Tap your feet to the beat to stay younger for longer.
(pic copyright: Nataliya Gvozdeva)
Any form of exercise can help stop the brain declining with age. Yet a new study shows that dancing beats other forms of fitness activities for its impact on slowing down the process of brain ageing. Varying the kind of dancing you do – especially if learning new, complicated routines – can enhance that impact.
The research, published in the Frontiers in Human Neuroscience Journal, asked two groups of elderly volunteers (average age 68) to engage in dancing or in endurance and flexibility training over a period of 18 months. The aim was to observe how these activities would affect the area of the brain that declines with age – the hippocampus, which plays a key role in memory, learning and balance, and can be affected by dementia. The endurance training volunteers repeated the same exercises each week, while the dancers had a new routine to learn.
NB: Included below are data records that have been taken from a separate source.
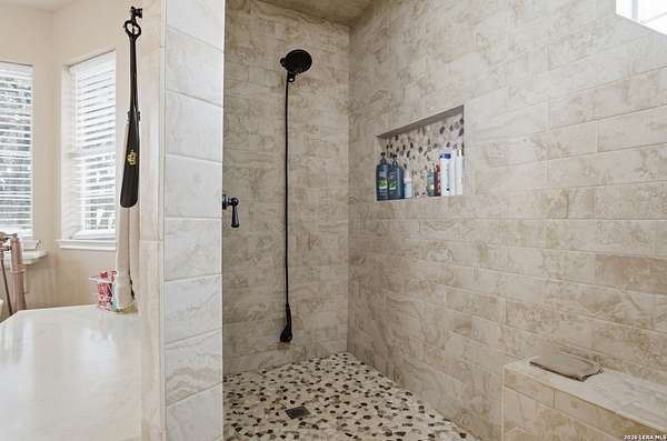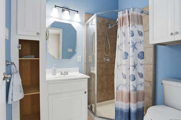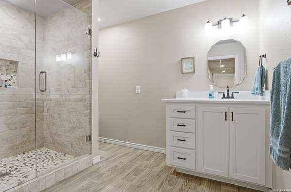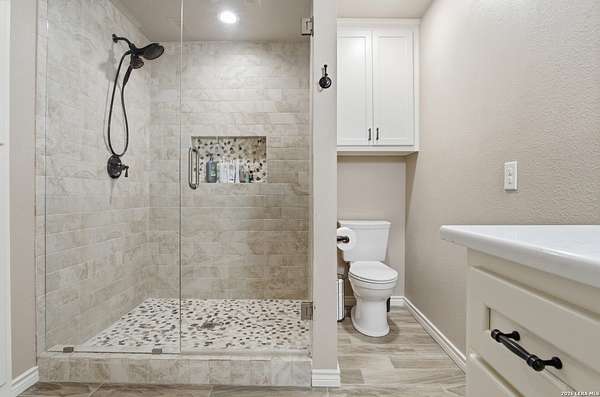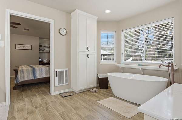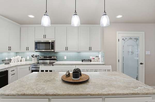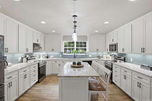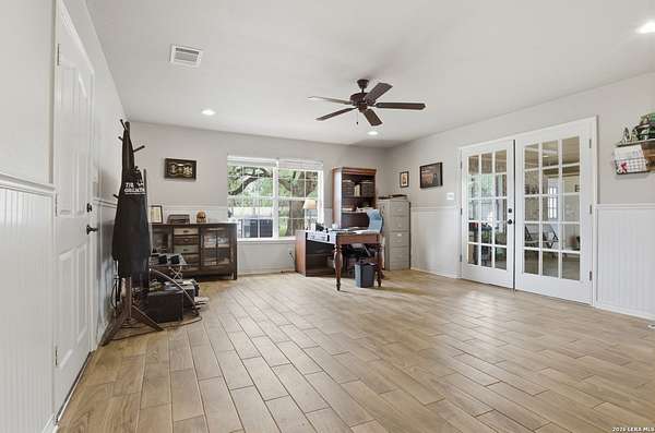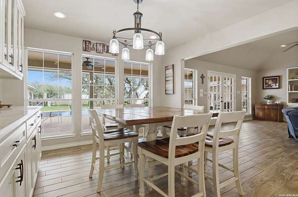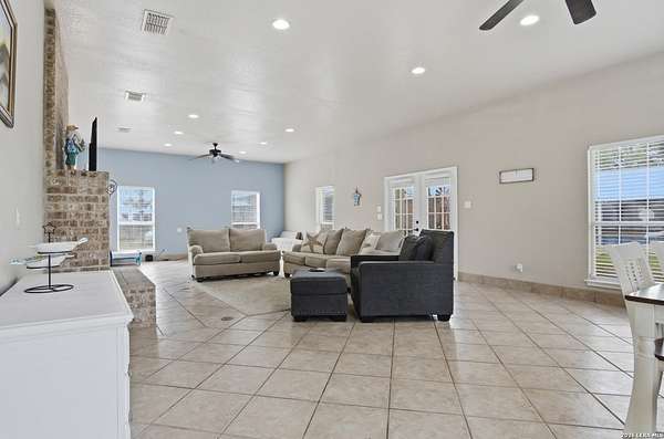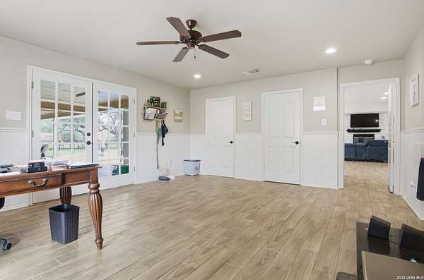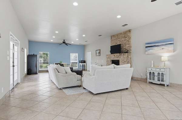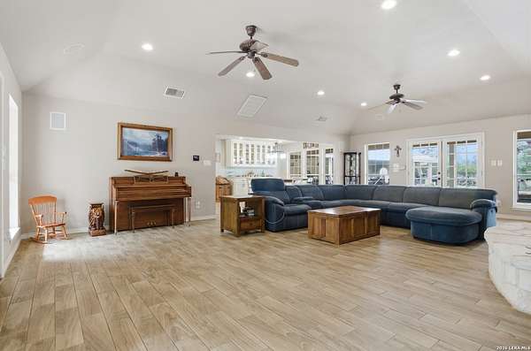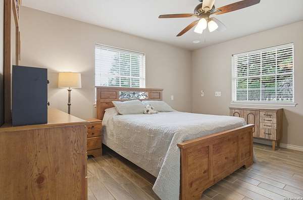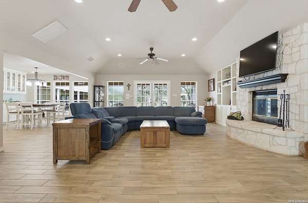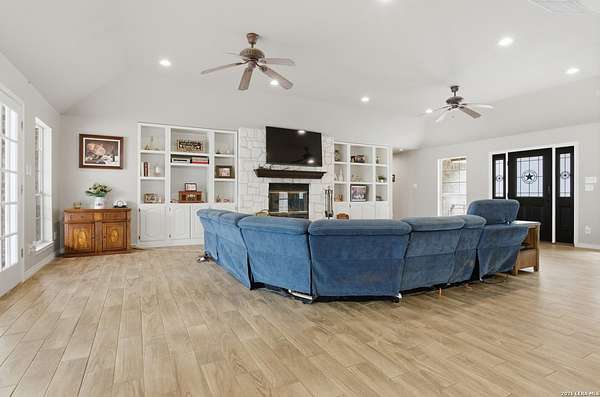 Tucked away on 5.23 scenic acres in Cypress Springs, this exceptional Hill Country property offers a rare opportunity with three separate dwellings, blending peaceful Hill Country living with unmatched flexibility. The main residence (approximately 2,845 sq ft) has been beautifully updated and features a spacious open-concept layout with a large living and dining area that flows seamlessly into the kitchen. The kitchen is equipped with custom cabinetry, an expansive center island and double ovens, making it ideal for both everyday living and entertaining. A cozy fireplace anchors the main living space, creating a warm and inviting atmosphere. French doors off the main living area open directly to the backyard and pool, creating a seamless indoor-outdoor connection. Off the garage, a versatile bonus room-currently used as an office-offers flexibility as a second living area, game room, guest space, or office. This space includes direct access to the backyard and pool area, along with a half bath that functions as a pass-through pool bath, with access from the flex room as well as a separate exterior door leading directly to the pool area. Outdoor living is a standout feature of the property, offering multiple covered patio areas, including a beautifully designed pavilion-style patio complete with an outdoor kitchen, ideal for entertaining and outdoor dining. The backyard retreat is complete with an in-ground pool and spa surrounded by mature trees, creating a private, resort-like setting ideal for relaxing or entertaining. In addition to the main home, the property includes a pool house and a separately gated secondary residence, offering exceptional versatility for multigenerational living, private quarters, or potential income-producing use. A major highlight of the property is the large metal workshop/storage building, providing substantial space for equipment, hobbies, storage, etc. Additional features include a metal roof, circular drive, generator and Guadalupe River access with the nearby neighborhood park. A rare opportunity to own a private Hill Country retreat defined by space, function, and a tranquil natural setting.
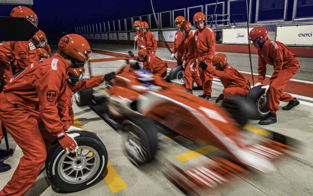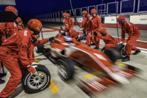 Red formula race car leaving the pit stop
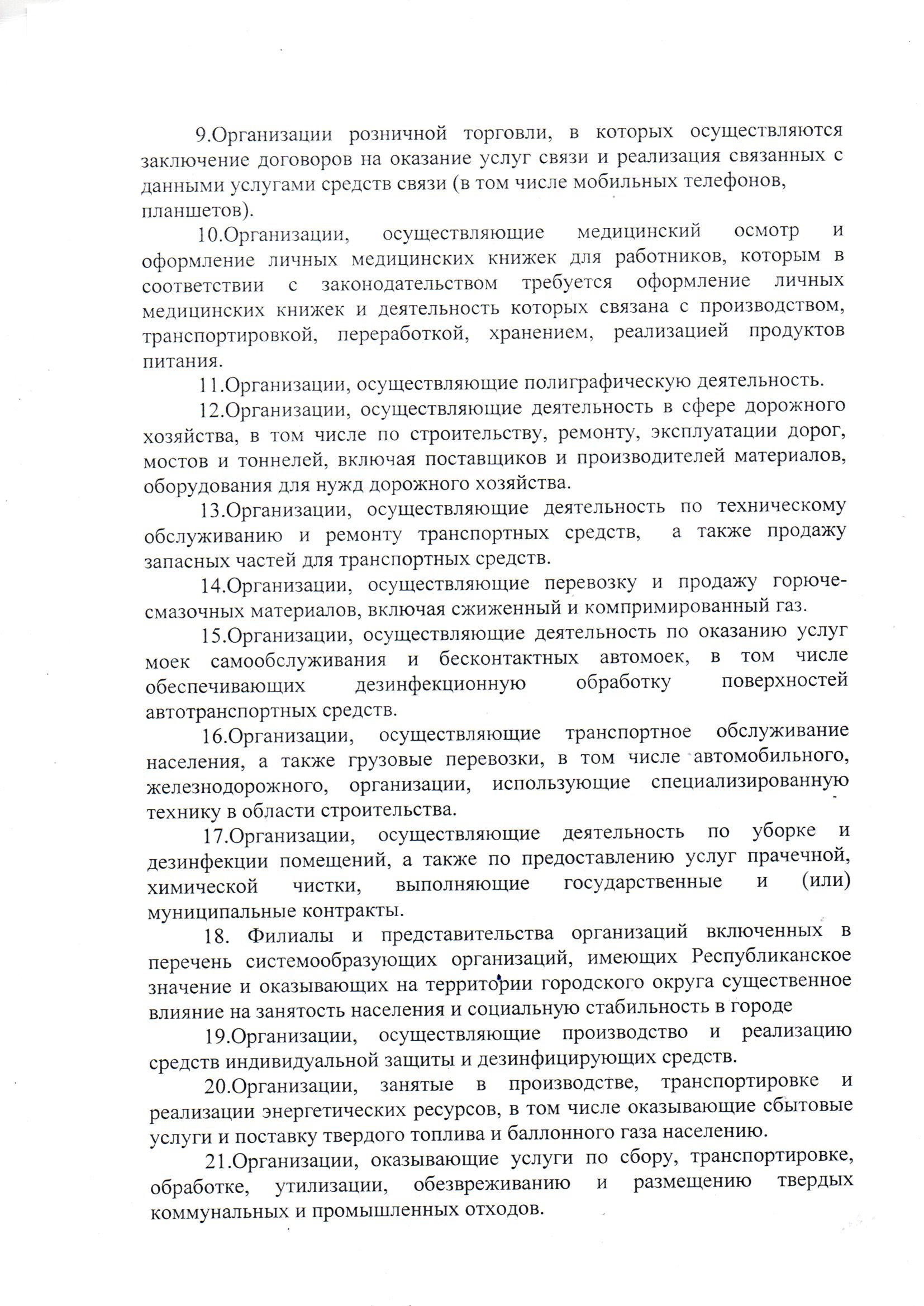 Комментарии: В данный перечень входят Организации и ИП, только выполняющие государственные и (или) муниципальные контракты. Частные прачечные и химчистки, не выполняющие такие закозы по контракту, не имеют право функционировать.
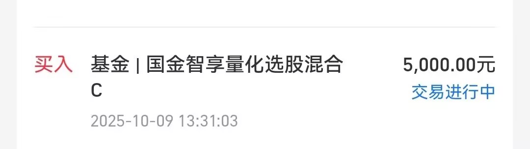 4、$国金智享量化选股混合C(OTCFUND|018824)$ ,买入5000元
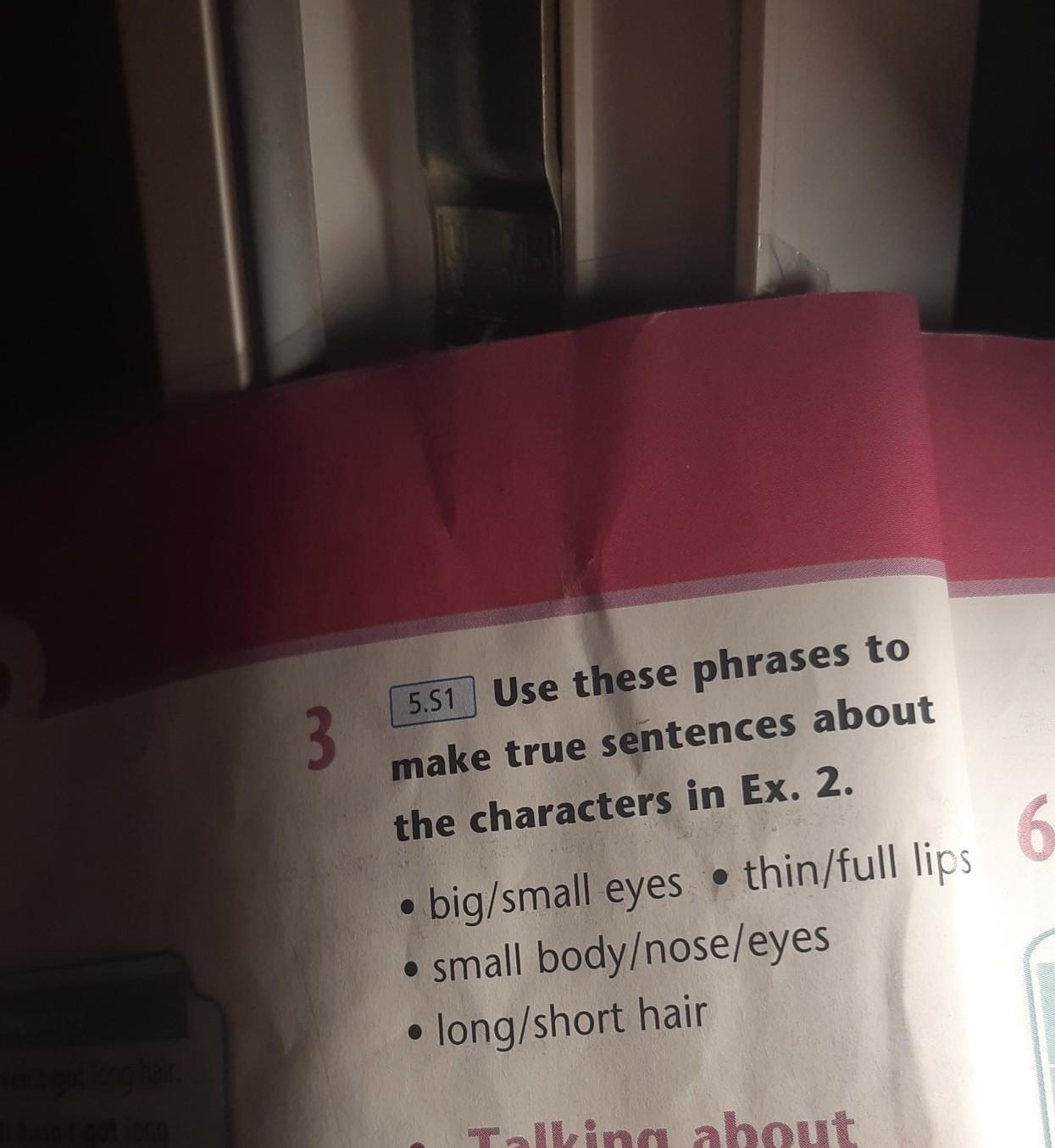 Объяснение:надо составить предложения, используя эти фразы для описания персонажей из упражнения 2. В предложениях обязательно должны быть использованы эти
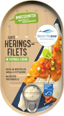 Geschmacksrichtungen. Die MSC-Heringsfilets in Tomaten-Creme zeichnen sich durch eine feine Tomatencreme aus, die perfekt mit dem milden Geschmack des blanchierten Herings harmoniert. Die MSC-Heringsfilets in Paprika-Creme bieten eine fruchtig-würzige Variante mit fein abgestimmter Paprikasauce. Für Liebhaber intensiverer Aromen gibt es die MSC-Heringsfilets in Pfeffer-Creme, die durch eine leicht scharfe Pfeffernote bestechen. Die MSC-Heringsfilets in Senf-Dill-Creme verbinden die traditionelle Kombination aus Senf und Dill zu einer feinwürzigen Note. Alle Heringsfilets werden nach höchsten Qualitätsstandards verarbeitet. Die blanchierten Filets werden in Dosen abgefüllt, mit der jeweiligen Sauce verfeinert und anschließend sterilisiert, um Frische und Geschmack optimal zu bewahren.
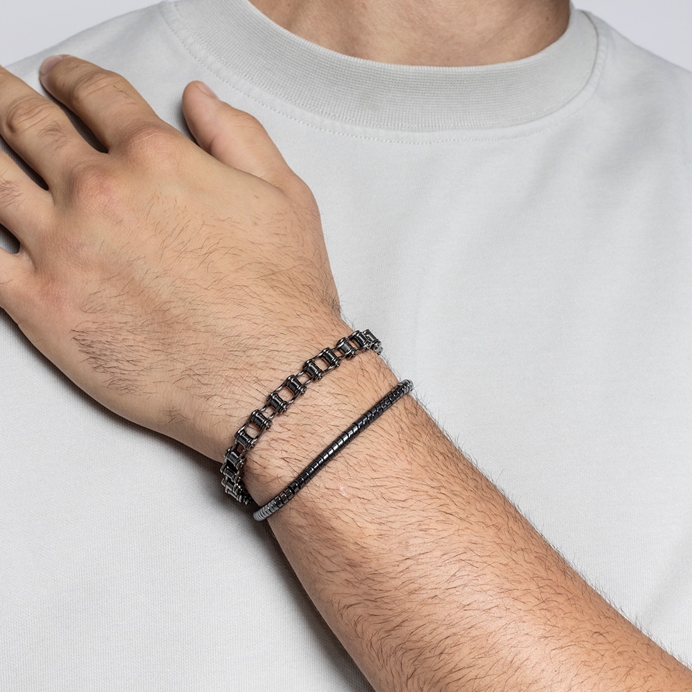 Das Hämatit-Schlangenarmband von #Brand Gioielli ist ein modernes und unverwechselbares Accessoire aus Edelstahl, verziert mit netzartigen Elementen, die an Schlangenleder erinnern. Das geradlinige, geometrische Design macht es perfekt für alle, die einen schlichten und dennoch raffinierten Stil lieben. Der tiefe Hämatitton sorgt für einen harmonischen und vielseitigen Look und passt ideal zu legeren wie auch eleganten Outfits. Dank des Karabinerverschlusses und der verstellbaren Kette bietet das Armband hohen Tragekomfort und ist besonders praktisch. Hergestellt aus langlebigen, hochwertigen Materialien, behält es seinen Glanz und seine Beständigkeit über lange Zeit.
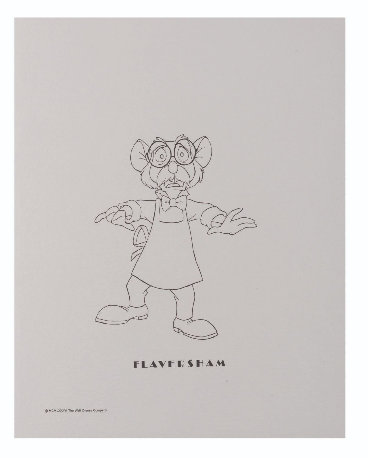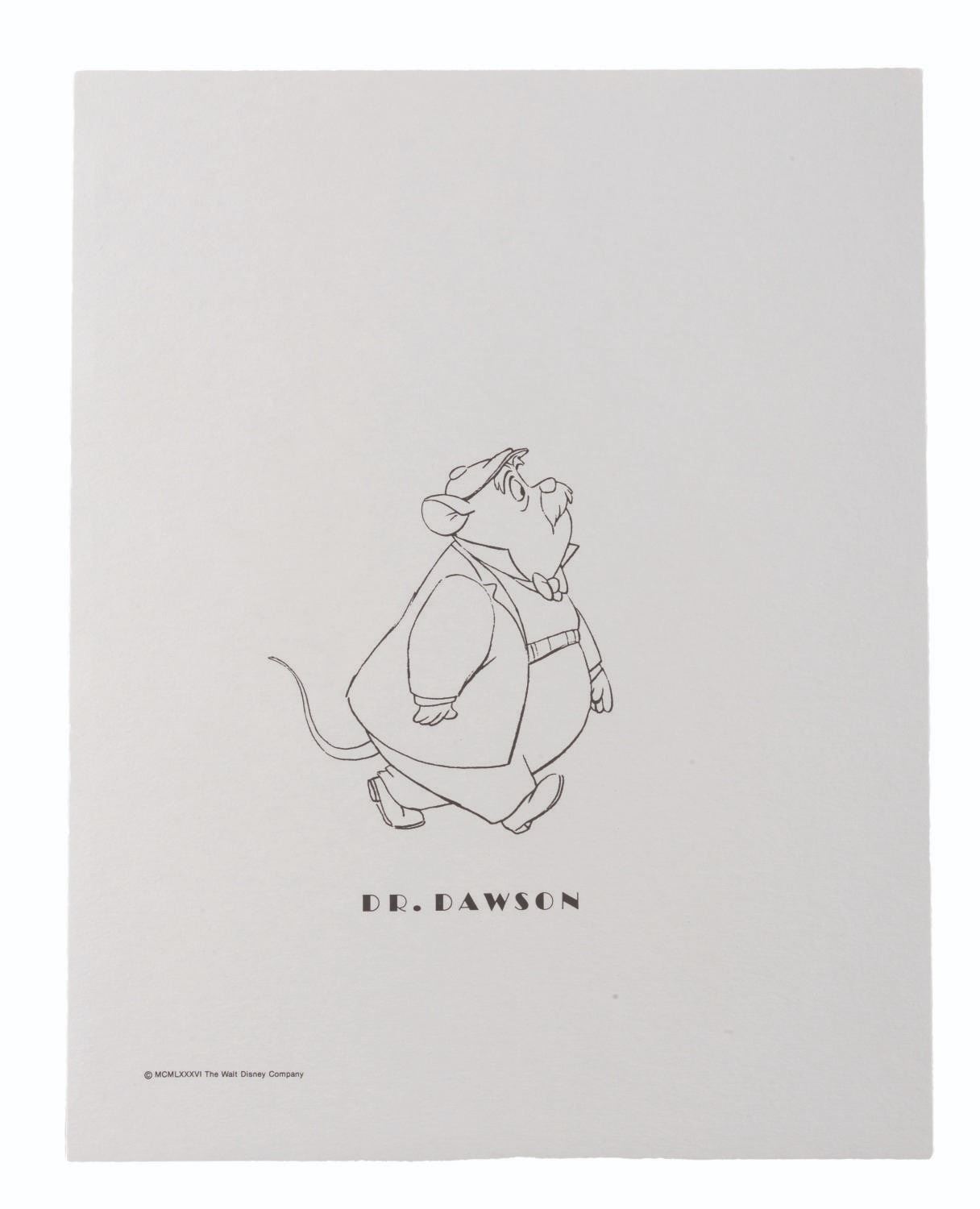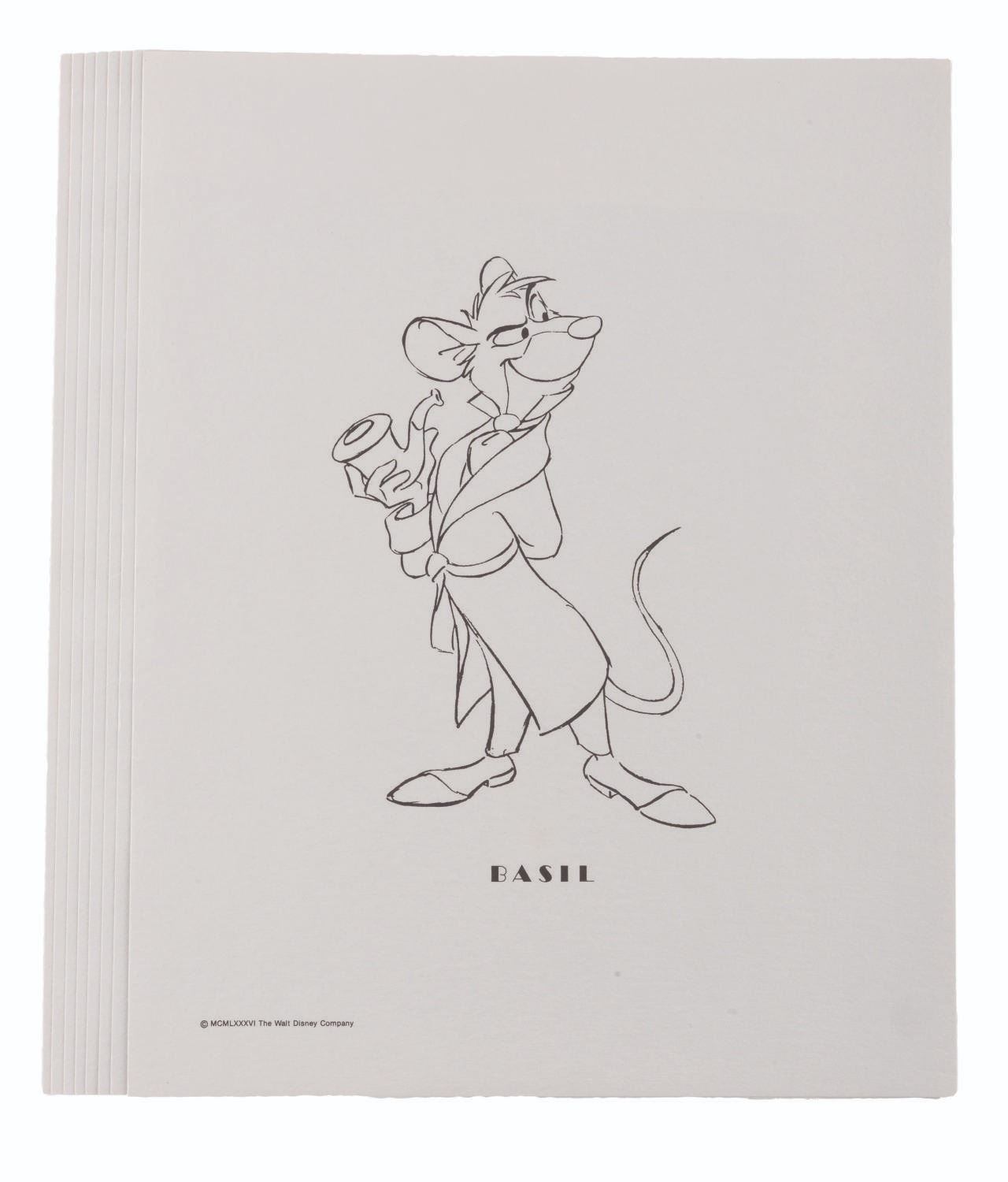 (Disney, 1986) A set of presentation character prints from "The Great Mouse Detective " featuring line art of Basil, Dr. Dawson, Olivia, Flaversham, Ratigan, Bartholomew, Fidget, and Felicia. Each measuring 11 " x 14 ", the prints are in fine condition.

Lead author of the study Dr Kathrin Rehfeld, based at the German Center for Neurodegenerative Diseases, said that the dancers were given routines from dance genres such as Jazz, Latin and Line dancing, and they had to remember their routines without being prompted or helped by their teachers. This extra challenge – remembering, not just working out – showed a greater degree of improvement in balance among the dancers than among the volunteers on fitness programme.
The researchers concluded: “Only the dancers achieved a significant increase in the balance composite score. Hence, dancing constitutes a promising candidate in counteracting the age-related decline in physical and mental abilities.” Not to mention the mood-boosting qualities of being swept across a dance floor in tune with your favourite beat.